Ethan Perez


pdf bib
Unsupervised Question Decomposition for Question Answering
Ethan Perez | Patrick Lewis | Wen-tau Yih | Kyunghyun Cho | Douwe Kiela
Proceedings of the 2020 Conference on Empirical Methods in Natural Language Processing (EMNLP)

We aim to improve question answering (QA) by decomposing hard questions into simpler sub-questions that existing QA systems are capable of answering. Since labeling questions with decompositions is cumbersome, we take an unsupervised approach to produce sub-questions, also enabling us to leverage millions of questions from the internet. Specifically, we propose an algorithm for One-to-N Unsupervised Sequence transduction (ONUS) that learns to map one hard, multi-hop question to many simpler, single-hop sub-questions. We answer sub-questions with an off-the-shelf QA model and give the resulting answers to a recomposition model that combines them into a final answer. We show large QA improvements on HotpotQA over a strong baseline on the original, out-of-domain, and multi-hop dev sets. ONUS automatically learns to decompose different kinds of questions, while matching the utility of supervised and heuristic decomposition methods for QA and exceeding those methods in fluency. Qualitatively, we find that using sub-questions is promising for shedding light on why a QA system makes a prediction.


pdf bib
Finding Generalizable Evidence by Learning to Convince Q&A Models
Ethan Perez | Siddharth Karamcheti | Rob Fergus | Jason Weston | Douwe Kiela | Kyunghyun Cho
Proceedings of the 2019 Conference on Empirical Methods in Natural Language Processing and the 9th International Joint Conference on Natural Language Processing (EMNLP-IJCNLP)
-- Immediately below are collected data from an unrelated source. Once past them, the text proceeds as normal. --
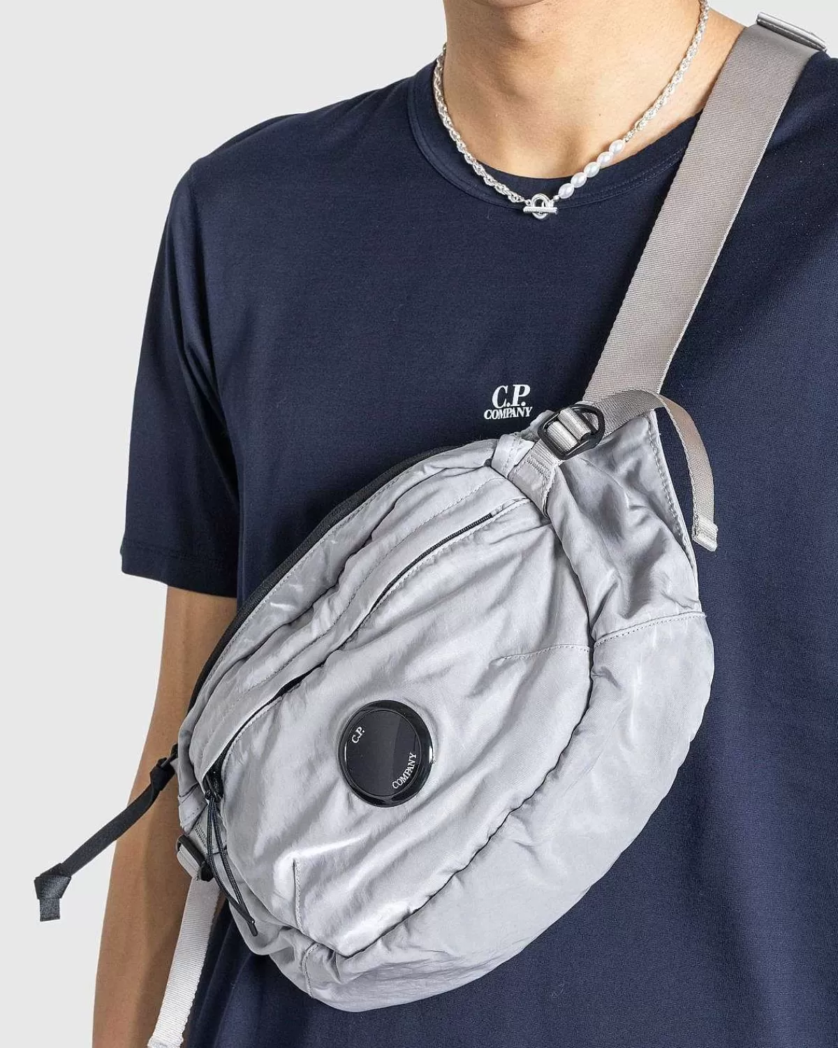 En Kompakt Hverdagsstil, Denne Cp Company Crossbody-Pakke Er Lavet Af En Beklædningsfarvet Nylonsatin I En Holdbar, Vejrbestandig Vævning. Udstyret Med En Justerbar Hurtigspændestrop, Spændejusteringer Og To Sikre Rum, Er Mærkets Varemærkeobjektivdetalje Implementeret På Forsiden For At Fuldende Designet.
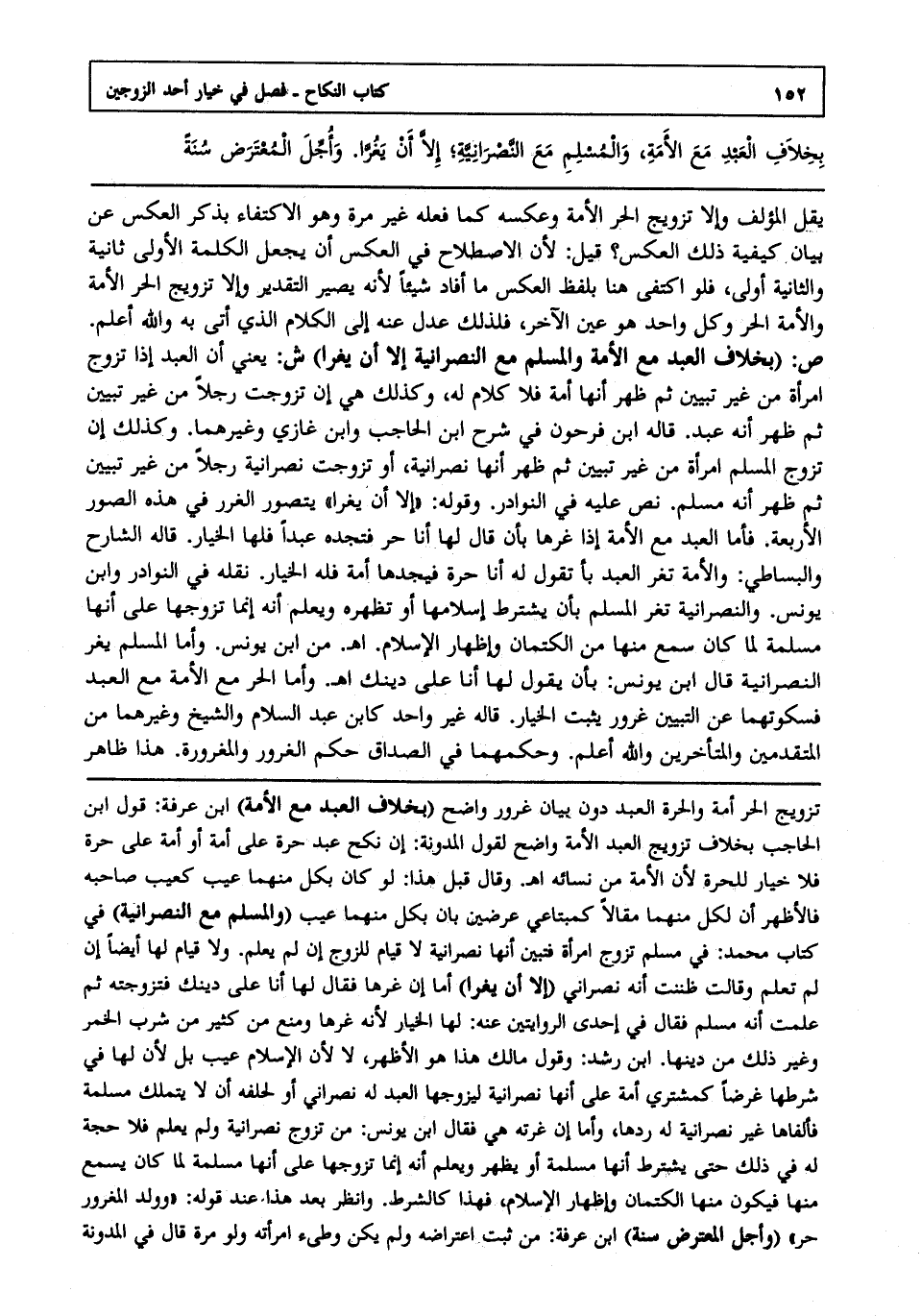 يقل المؤلف وإلا تزويج الحر الأمة وعكسه كما فعله غير مرة وهو الاكتفاء بذكر العكس عن بيان كيفية ذلك العكس؟ قيل: لأن الاصطلاح في العكس أن يجعل الكلمة الأولى ثانية والثانية أولى فلو اكتفى هنا بلفظ العكس ما أفاد شيئا لأنه يصير التقدير وإلا تزويج الحر الأمة والأمة الحر وكل واحد هو عين الآخر فلذلك عدل عنه إلى الكلام الذي أتى به والله أعلم. ص: "بخلاف العبد مع الأمة والمسلم مع النصرانية إلا أن يغرا" ش: يعني أن العبد إذا تزوج امرأة من غير تبيين ثم ظهر أنها أمة فلا كلام له وكذلك هي إن تزوجت رجلا من غير تبيين ثم ظهر أنه عبد قاله ابن فرحون في شرح ابن الحاجب وابن غازي وغيرهما وكذلك إن تزوج المسلم امرأة من غير تبيين ثم ظهر أنها نصرانية أو تزوجت نصرانية رجلا من غير تبيين ثم ظهر أنه مسلم نص عليه في النوادر وقوله"إلا أن يغرا" يتصور الغرر في هذه الصور الأربعة فأما العبد مع الأمة إذا غرها بأن قال لها أنا حر فتجده عبدا فلها الخيار قاله الشارح والبساطي والأمة تغر العبد بأن تقول له أنا حرة فيجدها أمة فله الخيار نقله في النوادر وابن يونس والنصرانية تغر المسلم بأن يشترط إسلامها أو تظهره ويعلم أنه إنما تزوجها على أنها مسلمة لما كان سمع منها من الكتمان وإظهار الإسلام انتهى. من ابن يونس وأما المسلم يغر النصرانية قال ابن يونس بأن يقول لها أنا على دينك انتهى. وأما الحر مع الأمة مع العبد فسكوتهما عن التبيين غرور يثبت الخيار قاله غير واحد كابن عبد السلام والشيخ وغيرهما من المتقدمين والمتأخرين والله أعلم. وحكمهما في الصداق حكم الغرور والمغرورة هذا ظاهر
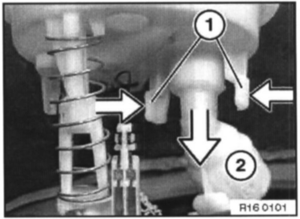 Compress tabs (1) and pull connection (2) downwards to remove.
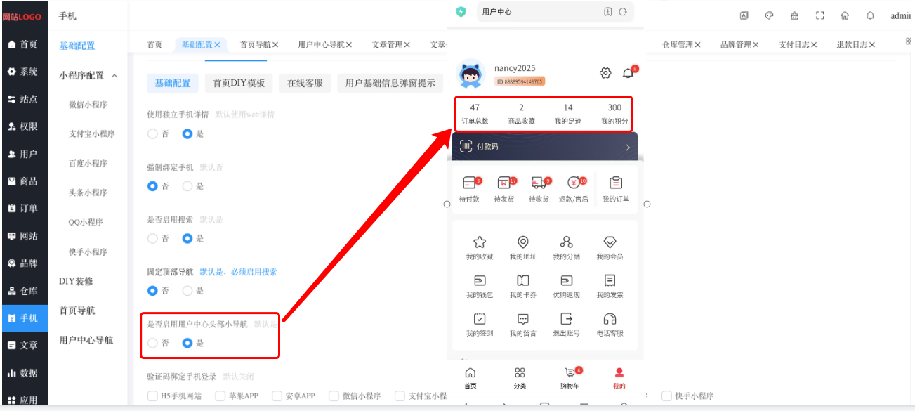 “我的”顶部订单统计开关控制:【“手机”——->”基础配置”—–>“APP/小程序”—–>“是否启用用户中心头部小导航”】

We propose a system that finds the strongest supporting evidence for a given answer to a question, using passage-based question-answering (QA) as a testbed. We train evidence agents to select the passage sentences that most convince a pretrained QA model of a given answer, if the QA model received those sentences instead of the full passage. Rather than finding evidence that convinces one model alone, we find that agents select evidence that generalizes; agent-chosen evidence increases the plausibility of the supported answer, as judged by other QA models and humans. Given its general nature, this approach improves QA in a robust manner: using agent-selected evidence (i) humans can correctly answer questions with only ~20% of the full passage and (ii) QA models can generalize to longer passages and harder questions.

pdf bib
ELI5: Long Form Question Answering
Angela Fan | Yacine Jernite | Ethan Perez | David Grangier | Jason Weston | Michael Auli
Proceedings of the 57th Annual Meeting of the Association for Computational Linguistics

We introduce the first large-scale corpus for long form question answering, a task requiring elaborate and in-depth answers to open-ended questions. The dataset comprises 270K threads from the Reddit forum “Explain Like I’m Five” (ELI5) where an online community provides answers to questions which are comprehensible by five year olds. Compared to existing datasets, ELI5 comprises diverse questions requiring multi-sentence answers. We provide a large set of web documents to help answer the question. Automatic and human evaluations show that an abstractive model trained with a multi-task objective outperforms conventional Seq2Seq, language modeling, as well as a strong extractive baseline.However, our best model is still far from human performance since raters prefer gold responses in over 86% of cases, leaving ample opportunity for future improvement.